Records contained in a dataset:

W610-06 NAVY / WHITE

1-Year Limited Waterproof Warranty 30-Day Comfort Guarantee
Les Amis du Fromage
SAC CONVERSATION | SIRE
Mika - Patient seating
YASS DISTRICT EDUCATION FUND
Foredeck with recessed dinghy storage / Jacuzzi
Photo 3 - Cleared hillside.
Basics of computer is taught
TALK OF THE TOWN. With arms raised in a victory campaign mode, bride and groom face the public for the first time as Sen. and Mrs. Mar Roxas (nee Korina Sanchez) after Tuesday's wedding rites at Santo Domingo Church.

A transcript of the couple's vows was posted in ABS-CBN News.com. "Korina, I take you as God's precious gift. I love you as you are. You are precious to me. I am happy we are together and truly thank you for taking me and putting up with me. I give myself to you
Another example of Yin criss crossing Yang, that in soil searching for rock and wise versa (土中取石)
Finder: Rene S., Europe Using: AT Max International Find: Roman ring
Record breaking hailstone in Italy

---

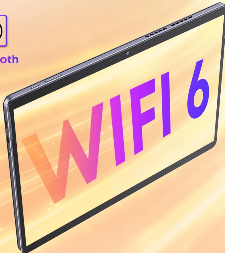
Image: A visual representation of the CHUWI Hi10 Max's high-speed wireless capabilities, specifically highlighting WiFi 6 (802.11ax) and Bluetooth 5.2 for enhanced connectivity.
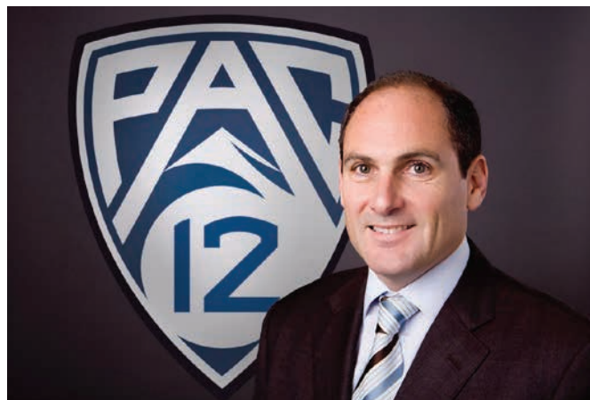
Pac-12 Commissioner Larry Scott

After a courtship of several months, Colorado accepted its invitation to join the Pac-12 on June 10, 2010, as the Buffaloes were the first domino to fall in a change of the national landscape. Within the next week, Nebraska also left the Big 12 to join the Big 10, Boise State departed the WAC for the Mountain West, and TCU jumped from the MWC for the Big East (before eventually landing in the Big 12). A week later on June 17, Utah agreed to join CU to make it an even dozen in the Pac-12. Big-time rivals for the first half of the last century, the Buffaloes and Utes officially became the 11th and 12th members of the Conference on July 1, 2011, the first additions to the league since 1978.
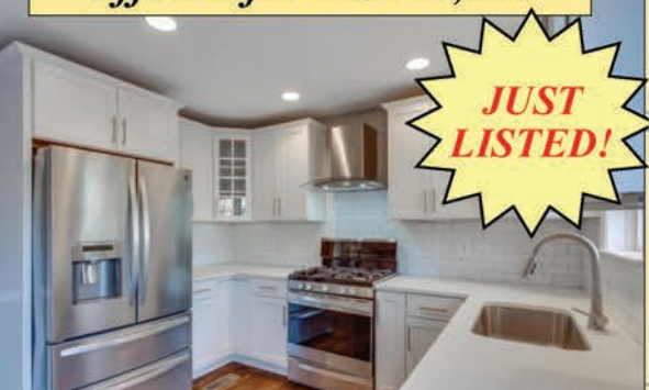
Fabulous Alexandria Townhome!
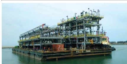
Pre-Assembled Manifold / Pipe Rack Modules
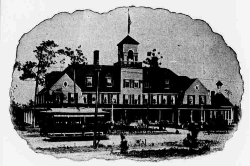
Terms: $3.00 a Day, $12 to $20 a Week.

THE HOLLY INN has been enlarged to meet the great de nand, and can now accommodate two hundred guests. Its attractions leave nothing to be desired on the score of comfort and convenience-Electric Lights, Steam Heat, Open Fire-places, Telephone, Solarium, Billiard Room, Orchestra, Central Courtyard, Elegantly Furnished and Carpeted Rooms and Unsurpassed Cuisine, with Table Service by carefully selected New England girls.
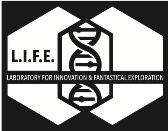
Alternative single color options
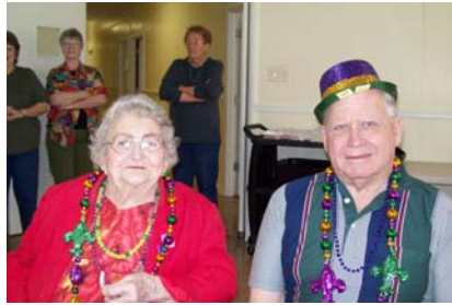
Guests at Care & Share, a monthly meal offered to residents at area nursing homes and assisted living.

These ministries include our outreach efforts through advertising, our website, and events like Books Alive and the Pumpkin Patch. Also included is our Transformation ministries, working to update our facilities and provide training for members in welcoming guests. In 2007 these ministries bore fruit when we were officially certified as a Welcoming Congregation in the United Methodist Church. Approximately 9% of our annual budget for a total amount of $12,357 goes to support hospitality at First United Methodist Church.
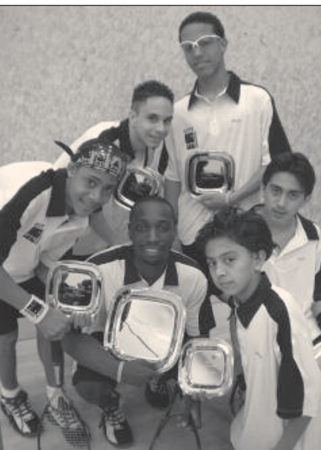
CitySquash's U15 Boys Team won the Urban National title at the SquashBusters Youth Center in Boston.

EXERCISE:
Looking at the data above, write out exactly the lines that start at the one containing "YASS DISTRICT EDUCATION FUND" and end at the one containing "Record breaking hailstone in Italy"; include both and nothing beyond.

RESULT:
YASS DISTRICT EDUCATION FUND
Foredeck with recessed dinghy storage / Jacuzzi
Photo 3 - Cleared hillside.
Basics of computer is taught
TALK OF THE TOWN. With arms raised in a victory campaign mode, bride and groom face the public for the first time as Sen. and Mrs. Mar Roxas (nee Korina Sanchez) after Tuesday's wedding rites at Santo Domingo Church.

A transcript of the couple's vows was posted in ABS-CBN News.com. "Korina, I take you as God's precious gift. I love you as you are. You are precious to me. I am happy we are together and truly thank you for taking me and putting up with me. I give myself to you
Another example of Yin criss crossing Yang, that in soil searching for rock and wise versa (土中取石)
Finder: Rene S., Europe Using: AT Max International Find: Roman ring
Record breaking hailstone in Italy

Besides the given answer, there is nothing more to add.